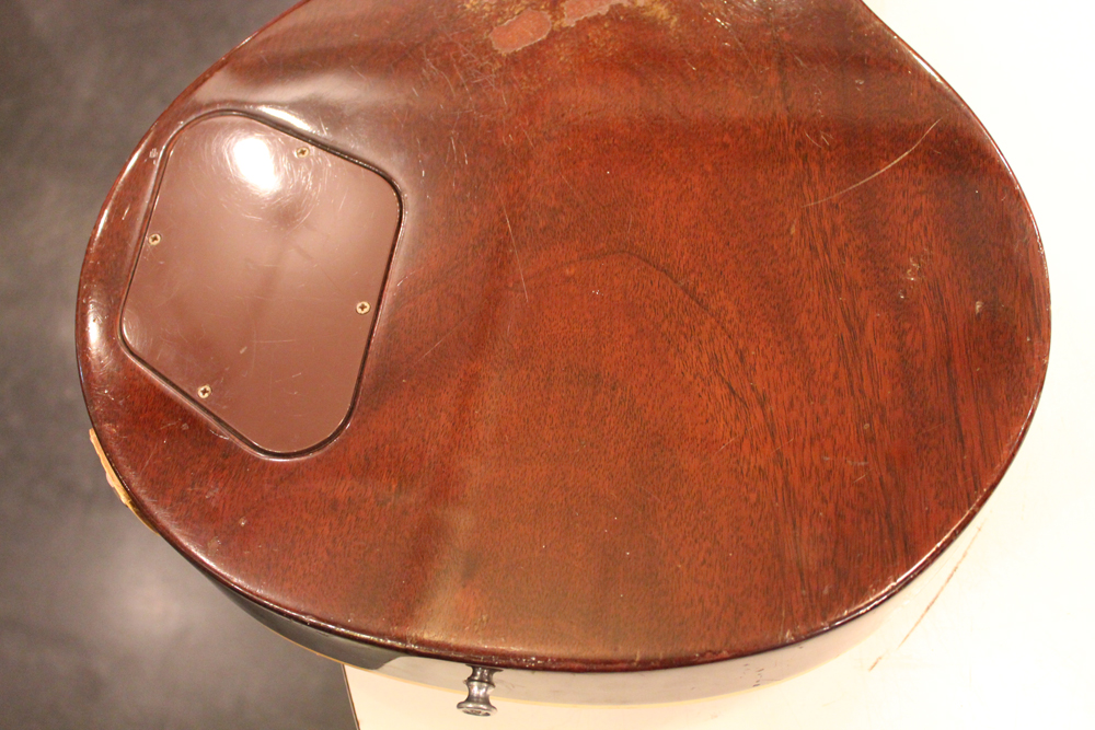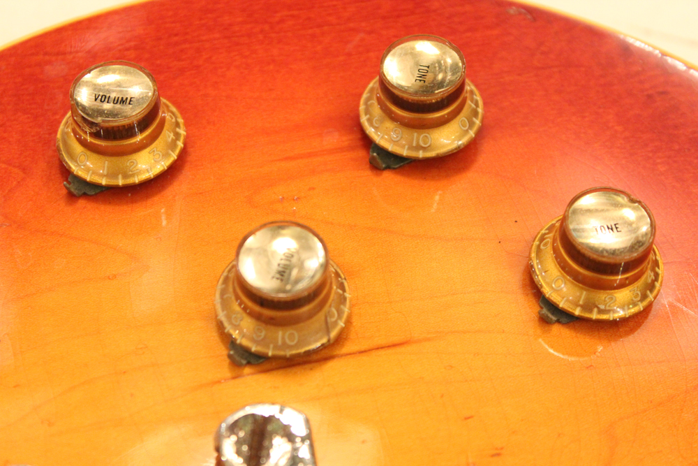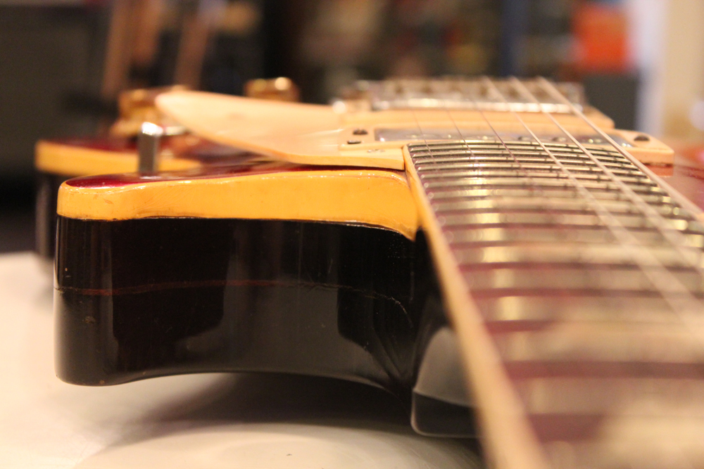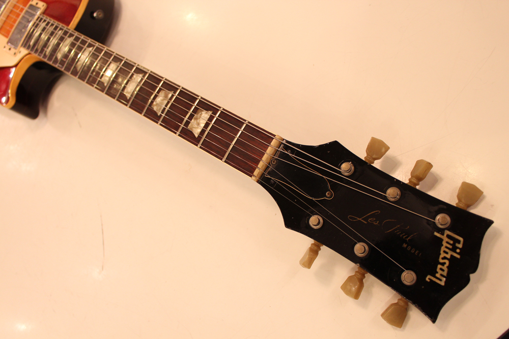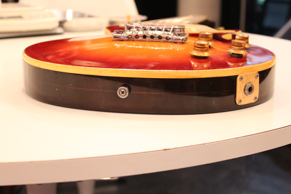 70年代初期の機体としては、以前にも、ゴールド・トップ/ナチュラル・マホガニー・バックや、ブラウン・サンバースト/ ダーク・ナチュラルバックの機体を発掘して来ましたが、今回入庫は、珍しいチェリー・サンバースト / ダーク・ナチュラルバック・フィニッシュのスタンダード!
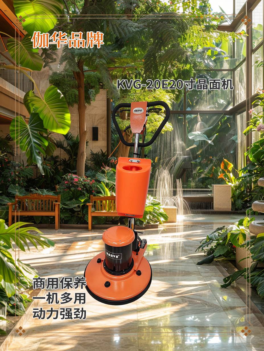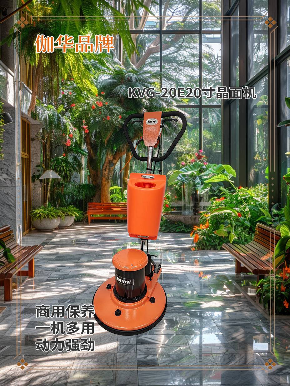 以伽华20寸晶面机KVG-20E为例,这款专为石材晶面抛光保养设计的设备,以其2.5匹大功率电机和175转/分的转速,实现了高效抛光和精准打磨。金属手柄的设计,让操作更加省力,减少了工作人员的疲劳感,尤其适合石材护理公司在商场、酒店、机场等多样复杂环境中使用。此外,13米长的电源线和54公斤的合理重量,确保设备既有充足的动力,又便于现场灵活调度。
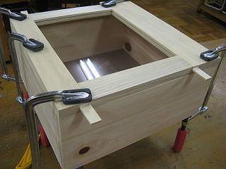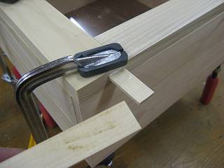 また、今回は、アクリル板の溝を深くしたので、丸鋸でひいた部分を横に出したため、木で埋めることにした。 この後、塗装と金具付けをして、シールを貼れば完成。
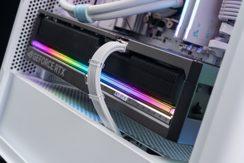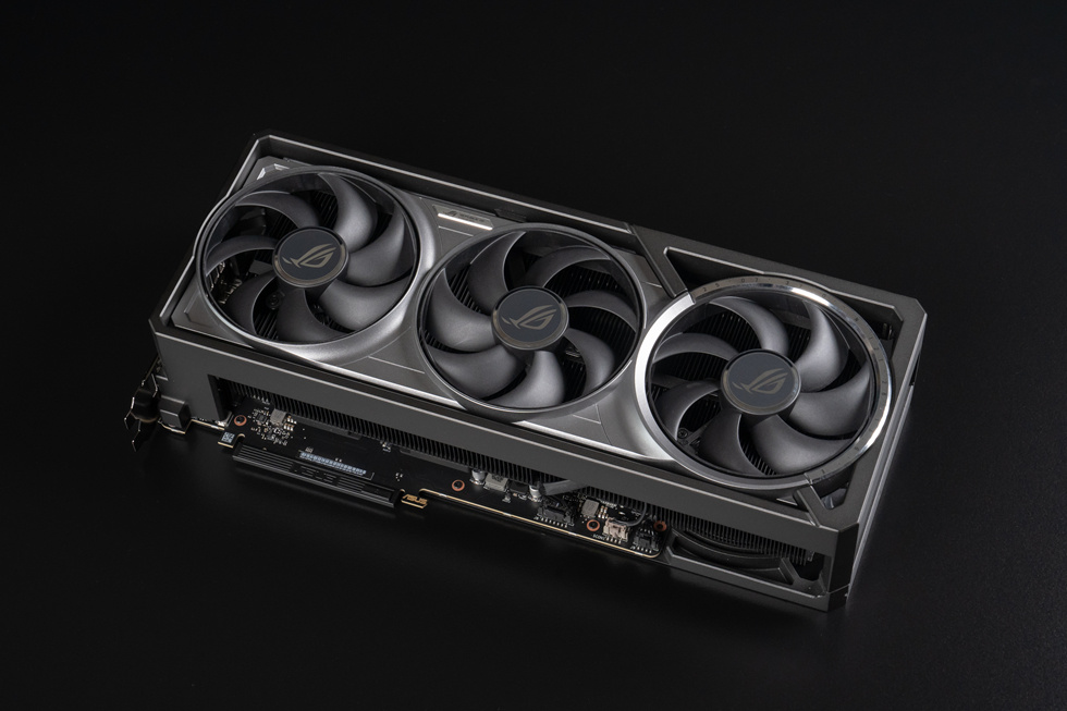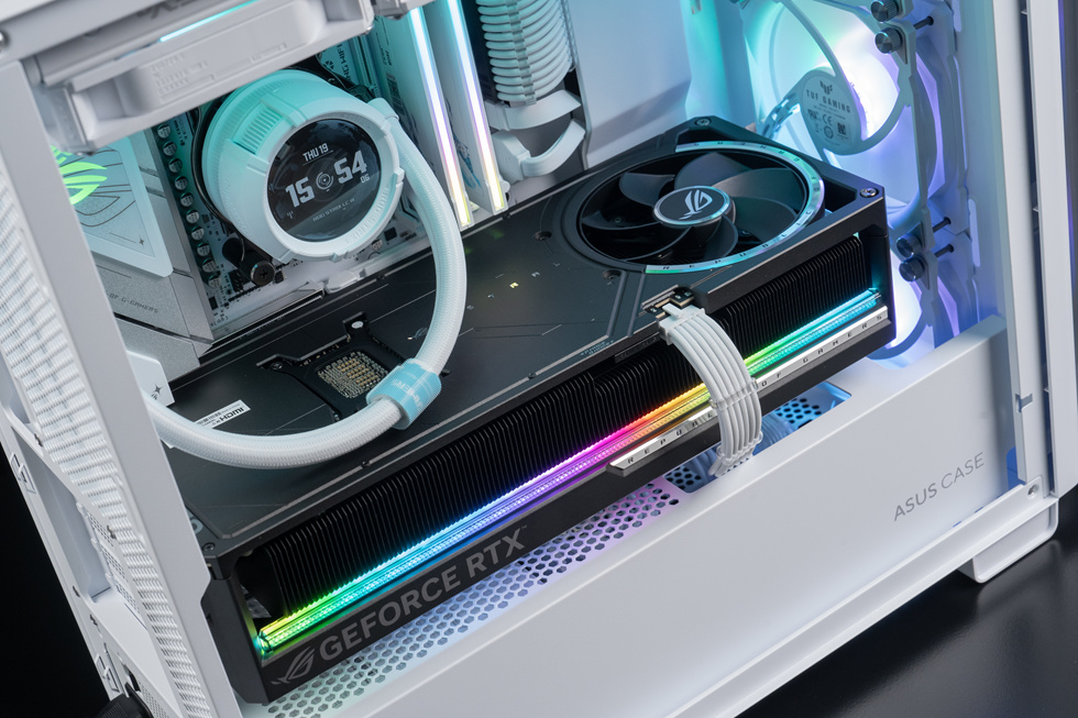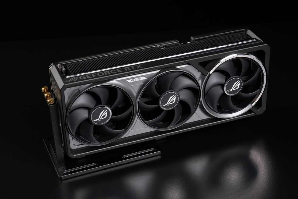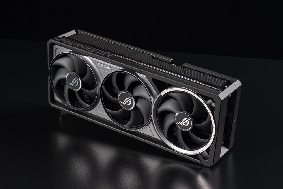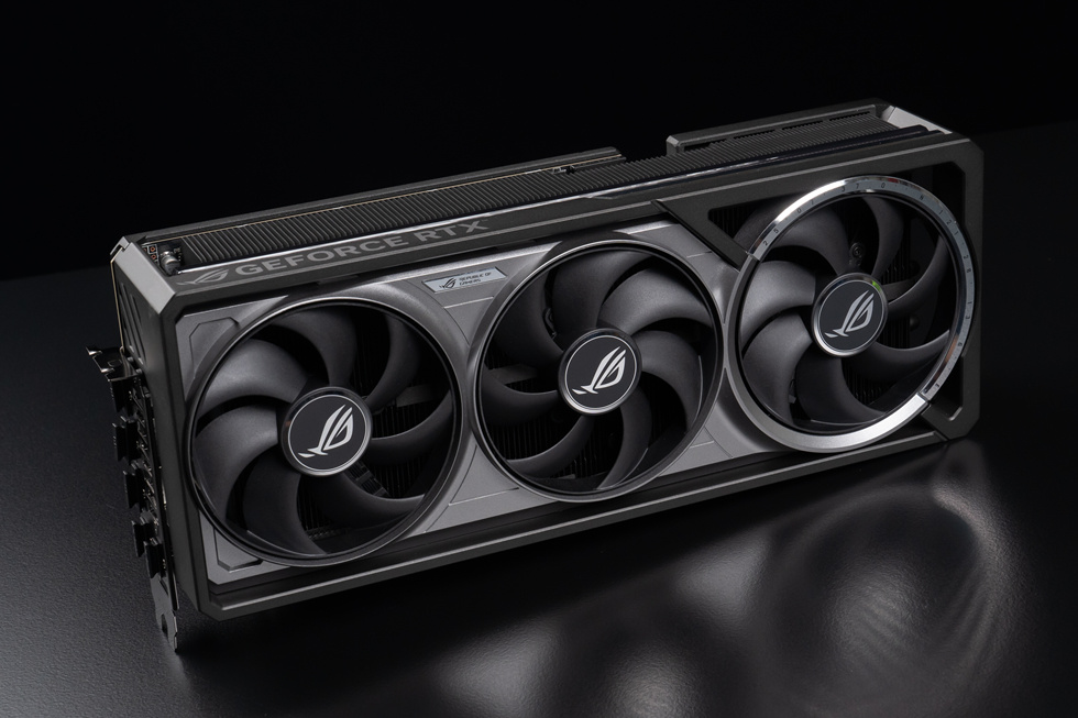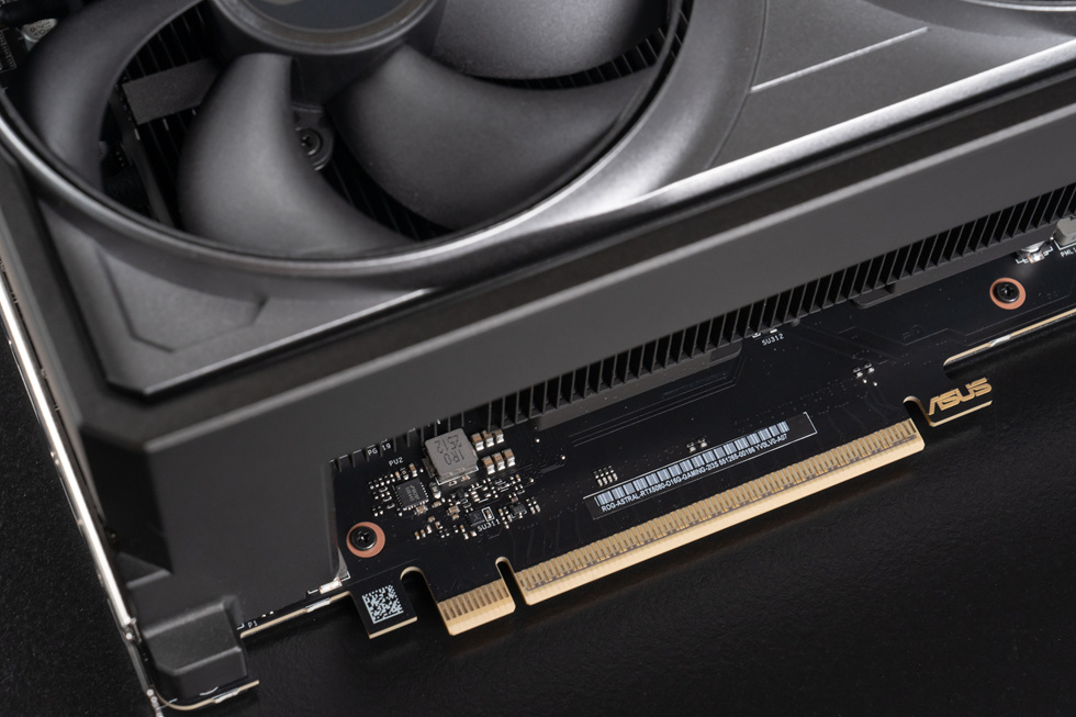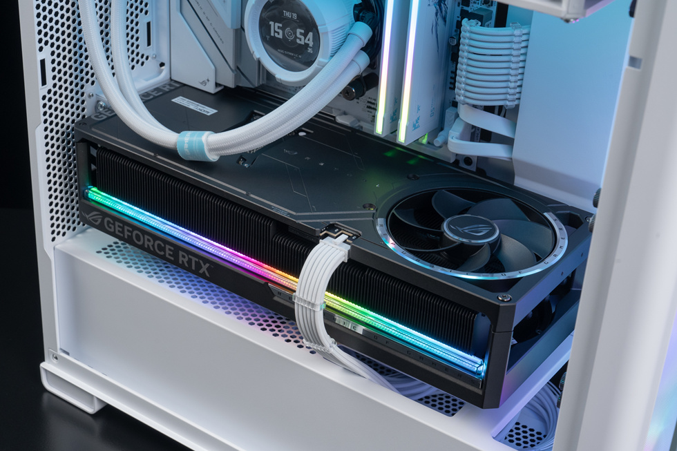 顯卡左側爲ROG LOGO“GEFORCE RTX”標識。
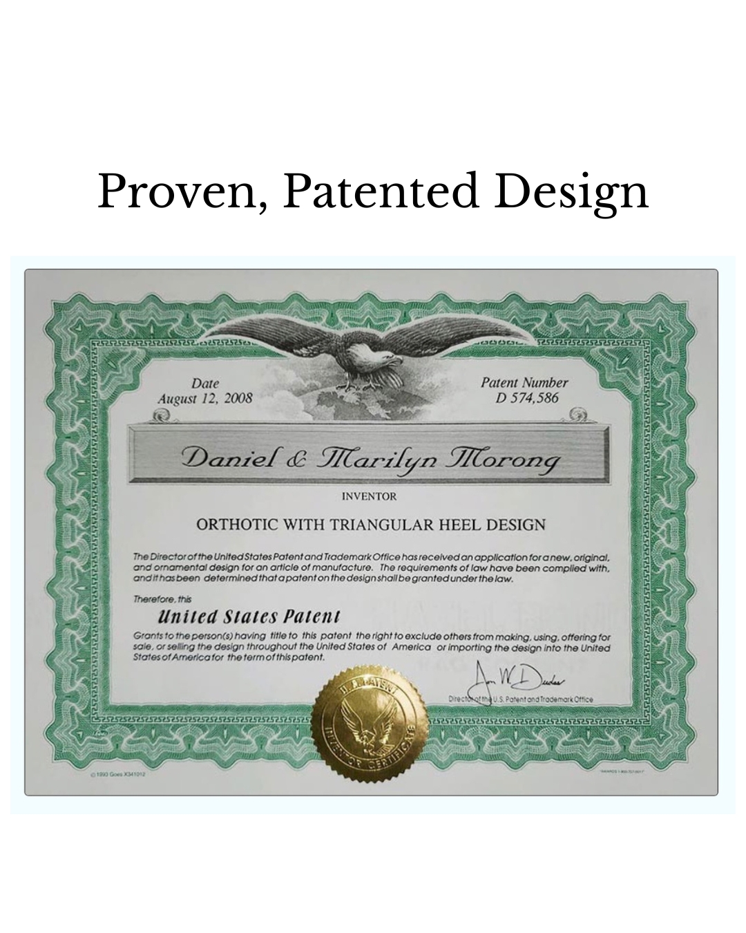 - Our patented orthotics ensure proper arch alignment to alleviate discomfort.
• • • • • • •
■ **Activity**: Pictures should be left out when the records above are restated exactly.

■ **Response**:
 70年代初期の機体としては、以前にも、ゴールド・トップ/ナチュラル・マホガニー・バックや、ブラウン・サンバースト/ ダーク・ナチュラルバックの機体を発掘して来ましたが、今回入庫は、珍しいチェリー・サンバースト / ダーク・ナチュラルバック・フィニッシュのスタンダード!
 以伽华20寸晶面机KVG-20E为例,这款专为石材晶面抛光保养设计的设备,以其2.5匹大功率电机和175转/分的转速,实现了高效抛光和精准打磨。金属手柄的设计,让操作更加省力,减少了工作人员的疲劳感,尤其适合石材护理公司在商场、酒店、机场等多样复杂环境中使用。此外,13米长的电源线和54公斤的合理重量,确保设备既有充足的动力,又便于现场灵活调度。
 また、今回は、アクリル板の溝を深くしたので、丸鋸でひいた部分を横に出したため、木で埋めることにした。 この後、塗装と金具付けをして、シールを貼れば完成。
 顯卡左側爲ROG LOGO“GEFORCE RTX”標識。
 - Our patented orthotics ensure proper arch alignment to alleviate discomfort.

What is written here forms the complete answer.